The mirror operation of defining an ID is making a token clickable by surrounding it with an <a> tag. The target of the link is in the href attribute, which is determined by the function below. The link consists of the relative file path and the ID inside the file. The file path is always used, even if the link target is inside the same file.

		private string GetHrefForSymbol (ISymbol symbol)
		{
			var sref = symbol.DeclaringSyntaxReferences.First ();
			var reffile = SplitPath.Split (_options.InputPath.BasePath,
				sref.SyntaxTree.FilePath);
			var inputfile = SplitPath.Split (_options.InputPath.BasePath,
				_document.FilePath);
			return Path.Combine (inputfile.RelativePathToRoot,
				reffile.ChangeExtension ("html").FilePath).Replace ('\\', '/') +
				"#" + GetSymbolId (symbol);
		}

To generate the link Id from the symbol we use ToDisplayString method, that let's you specify in great detail which parts of the symbol included in the result. We just need to make sure that the Id is unique, so we pick the parts that distinguish the symbol from the others. We always use the original definition of the symbol. This means that if a symbol is an instantiation of generic type or method, we refer to its definition instead of the specific instance.

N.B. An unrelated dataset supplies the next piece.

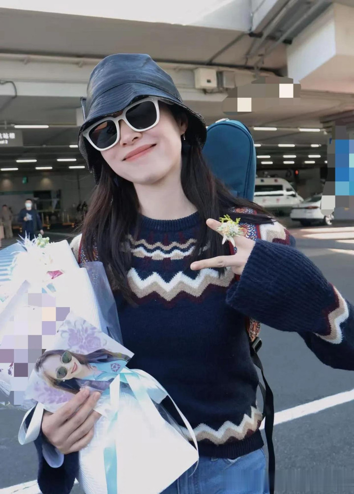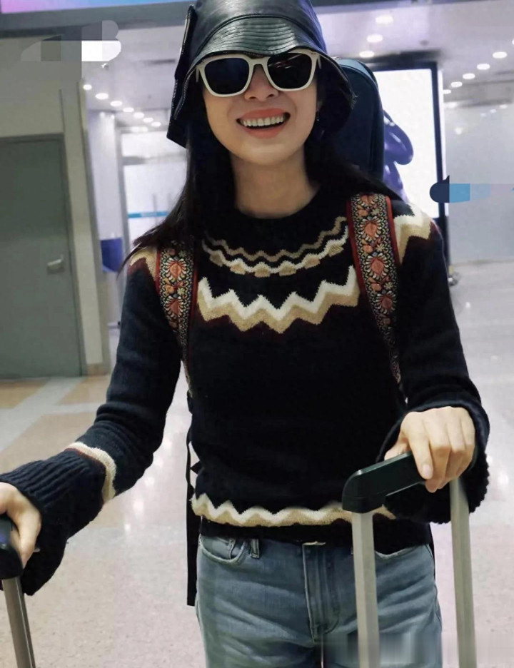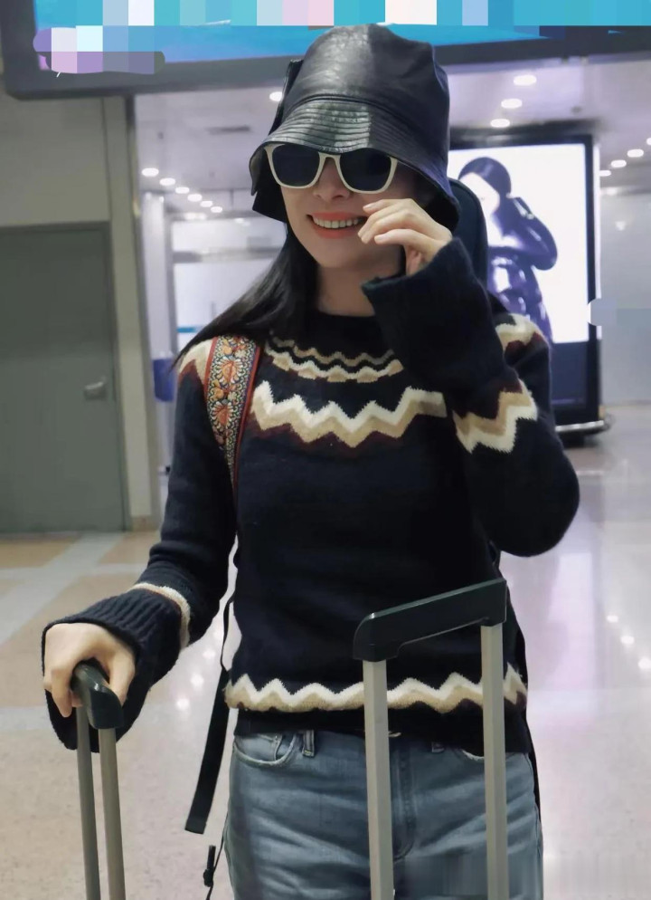 江一燕机场私服真时髦! 提花毛衣+牛仔裤+渔夫帽, 减龄又高级!

		private static readonly SymbolDisplayFormat _symbolDisplayFormat =
			new SymbolDisplayFormat (
				SymbolDisplayGlobalNamespaceStyle.Omitted,
				SymbolDisplayTypeQualificationStyle.NameAndContainingTypesAndNamespaces,
				SymbolDisplayGenericsOptions.IncludeTypeParameters,
				SymbolDisplayMemberOptions.IncludeContainingType | 
					SymbolDisplayMemberOptions.IncludeParameters,
				SymbolDisplayDelegateStyle.NameAndSignature,
				SymbolDisplayExtensionMethodStyle.StaticMethod,
				SymbolDisplayParameterOptions.IncludeType,
				SymbolDisplayPropertyStyle.NameOnly,
				SymbolDisplayLocalOptions.None,
				SymbolDisplayKindOptions.None,
				SymbolDisplayMiscellaneousOptions.UseSpecialTypes);

		private string GetSymbolId (ISymbol symbol)
		{
			return symbol.OriginalDefinition.ToDisplayString (_symbolDisplayFormat);
		}

Tooltip is a handy way for showing additional information in code blocks without cluttering them excessively. Again, we mimic Visual Studio and use a tooltip to show the type of a symbol.

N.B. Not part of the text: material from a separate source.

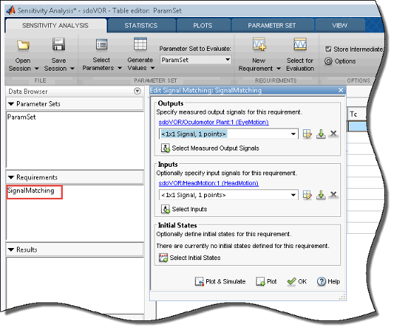 Можно указать требование согласования сигналов для сопоставления выходов модели с измеряемыми сигналами. Это требование также известно как эксперимент в методе оценки параметров. Чтобы указать требование согласования сигнала, выполните следующие действия.

		private string GetTooltip (SyntaxNode node, ISymbol symbol)
		{
			var typeSymbol = GetTypeSymbol (node);
			var title = typeSymbol != null ? typeSymbol.ToString () :
				symbol != null && symbol.Kind == SymbolKind.Method ?
					symbol.ToString () :
					null;
			return title == null ? null :
				string.Format (" data-toggle=\"tooltip\" title=\"{0}\"", title);
		}

Before we can attach a link to a token, we need to check if we have it defined somewhere in the solution. External references are not navigable.

		private bool IsReferenceableSymbol (ISymbol symbol) =>
			symbol != null &&
			!symbol.Kind.In (SymbolKind.Local, SymbolKind.Parameter, 
				SymbolKind.Namespace, SymbolKind.RangeVariable) &&
			!symbol.DeclaringSyntaxReferences.IsEmpty;

The following pair of functions helps determining whether a syntax kind represents an identifier or a type definition that should be highlighted.

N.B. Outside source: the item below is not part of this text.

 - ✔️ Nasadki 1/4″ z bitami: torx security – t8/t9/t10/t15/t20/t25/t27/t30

		private bool IsIdentifier (SyntaxKind kind) =>
			kind.In (SyntaxKind.IdentifierName, SyntaxKind.GenericName, 
				SyntaxKind.TypeParameter);

		private bool IsHighlightedDeclaration (SyntaxKind kind) =>
			kind.In (SyntaxKind.ClassDeclaration, SyntaxKind.StructDeclaration,
				SyntaxKind.EnumDeclaration, SyntaxKind.EventDeclaration,
				SyntaxKind.DelegateDeclaration);

Syntax highlighting is based primarily just on a kind of a token. There are literally hundreds of different token kinds. The main job of the function below is to check whether the specified syntax kind lies within a recognized range. If it does not match any of them, null is returned.

		private string StyleClassForSyntax (SyntaxKind kind)
		{
			if (kind >= SyntaxKind.TildeToken && kind < SyntaxKind.BoolKeyword)
				return "punctuation";
			if (kind >= SyntaxKind.BoolKeyword &&
				kind < SyntaxKind.InterpolatedStringStartToken)
				return "keyword";
			if (kind >= SyntaxKind.SingleLineCommentTrivia &&
				kind <= SyntaxKind.MultiLineCommentTrivia)
				return "comment";
			if (kind >= SyntaxKind.PreprocessingMessageTrivia &&
				kind < SyntaxKind.XmlElement)
				return "preprocessor";
			if (kind == SyntaxKind.StringLiteralToken)
				return "string";
			if (kind == SyntaxKind.NumericLiteralToken)
				return "number";
			return null;
		}

At last we can actually output the token or trivia to the output file. This is done using the inherited AppendCode function. But before we call it, we combine all the attributes and extra information we collected for the token into HTML tags and attributes.

		private void OutputDecoratedCode (string code, string style, string id,
			string href, string attrs)
		{

Now we also need the HttpUtility class to encode the characters reserved by HTML into escape codes.

			var escaped = HttpUtility.HtmlEncode (code);

Surround with <a> tag, if href is given.

			var output = href == null ?
				escaped :
				string.Format ("<a href=\"{0}\">{1}</a>", href, escaped);

We only add a <span> tag if at least one of the provided parameters is not null.

			if (style == null && id == null && attrs == null)
				AppendCode (output);
			else
			{

Surround the code with a <span> tag, and with all the given attributes.

				var idText = id == null ? "" :
					string.Format (" id=\"{0}\"", id);
				var styleText = style == null ? "" :
					string.Format (" class=\"{0}\"", style);
				AppendCode (string.Format ("<span{0}{1}{2}>{3}</span>", styleText,
					idText, attrs, output));
			}
		}
	}
}